Reverse Acquisition of CSS Companies and Notice of General Meeting

Croma Group plc, the AIM listed total security solutions provider, is pleased to announce a further step in the Group's strategy of targeting the facilities service sector as the engine for its future growth with the signing of a sale and purchase agreement ("SPA") on 1 March 2012 to acquire the entire issued share capital of CSS Total Security Limited, CSS Locksmiths Limited and Alarm Bell Company Limited (together the "CSS Companies" or "CSS"), a security services provider based in Southampton (the "Acquisition"). The Group is also pleased to announce that it has completed a conditional placing of new ordinary shares to raise GBP5 million, part of the proceeds of which will be used to fund the Acquisition.

The Acquisition, which will constitute a reverse takeover under the AIM Rules, and the Placing is conditional upon the approval of Croma's shareholders at a general meeting.
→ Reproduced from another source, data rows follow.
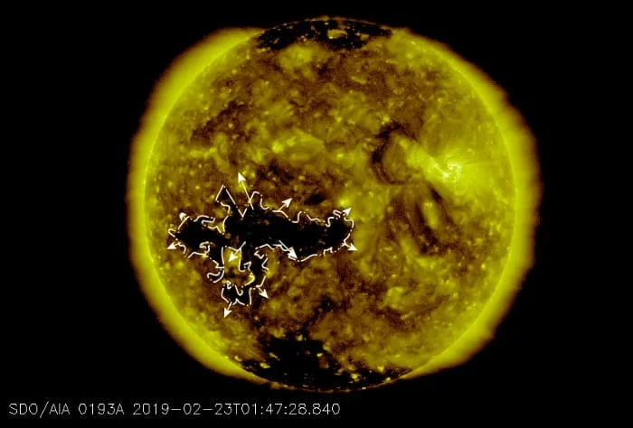 هذا الثقب الاكليلي رصد سابقا وليس بجديد ، حيث فُتح في صيف عام 2018 ومنذ ذلك الوقت يدور مع دوران الشمس حول نفسها ، ويقذف الرياح الشمسية باتجاه الأرض مرة كل شهر تقريبا ، وكانت أخر مرة في أواخر يناير الماضي 2019 حيث تسبب في حدوث أضواء قطبية ساطعة حول الدائرة القطبية الشمالية.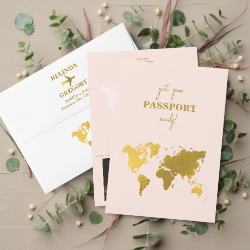 A blush pink and gold destination wedding passport design with gold world map, airplane and travel elements. This design is ideal for all Spring, Summer, Fall and Winter destination weddings. An elegant blush pink and gold wedding travel design with passport layout, world map and custom couple photo. A modern destination wedding Itinerary program design with elegant elements. Matching wedding invitations and other stationery items are also available.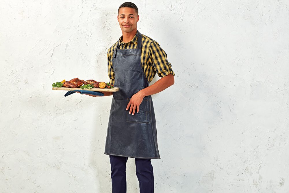 Tilpass denne elegante faux leather-apronen med din egen logo eller design for å gjøre et personlig preg.

Share Consolidation, Loan Note Conversion and Change of Name

The Company is proposing a share consolidation, in the terms of which every 50 ordinary shares of 0.1 pence in the capital of the Company will be consolidated into one ordinary share of 5 pence.
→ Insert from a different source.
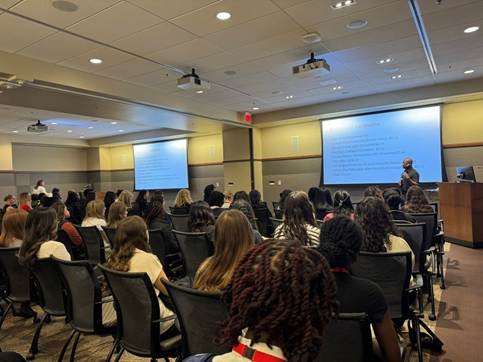 The event opened with a keynote address by Corey Wright, MD, trauma surgeon at Mary Washington Healthcare, who shared real-world insight into the full spectrum of general and trauma surgery and emphasized the importance of teamwork, service, and lifelong learning in healthcare careers.

The Company is also proposing to change its name to Croma Security Solutions Group plc to more accurately reflect the trading of the Enlarged Group.

In addition, the Company has agreed with certain loan noteholders that GBP575,000 of loan notes issued by the Company will convert into ordinary shares at the placing price upon Admission.

One effect of the Share Consolidation will be that any shareholder holding fewer than 50 existing ordinary shares of 0.1 pence each at the close of business on 23 March 2012 will not hold any ordinary shares in the Company following the share consolidation becoming effective.

Notice of General Meeting

An admission document, giving details of the proposals and incorporating a notice convening the General Meeting, will be posted to shareholders today. The General Meeting will be held at the offices of Shepherd and Wedderburn LLP at Condor House, 10 St. Paul's Church Yard, London EC4M 8AL, at 10 a.m. on 26 March 2012 (the "General Meeting").

Extracts from the admission document appear below and should be read in conjunction with the full text of the AIM Admission Document which is available to view on the Company's website at www.cromagroup.co.uk with effect from close of business today. References to 'this document' shall be taken to mean the AIM Admission Document. Capitalised terms will have the same meaning as defined in the Admission Document.

Sebastian Morley, CEO of Croma, commented:

"The acquisition of the CSS Group is transformational for Croma Group. This completes the stated ambition of the board to re-focus Croma into a total security services group.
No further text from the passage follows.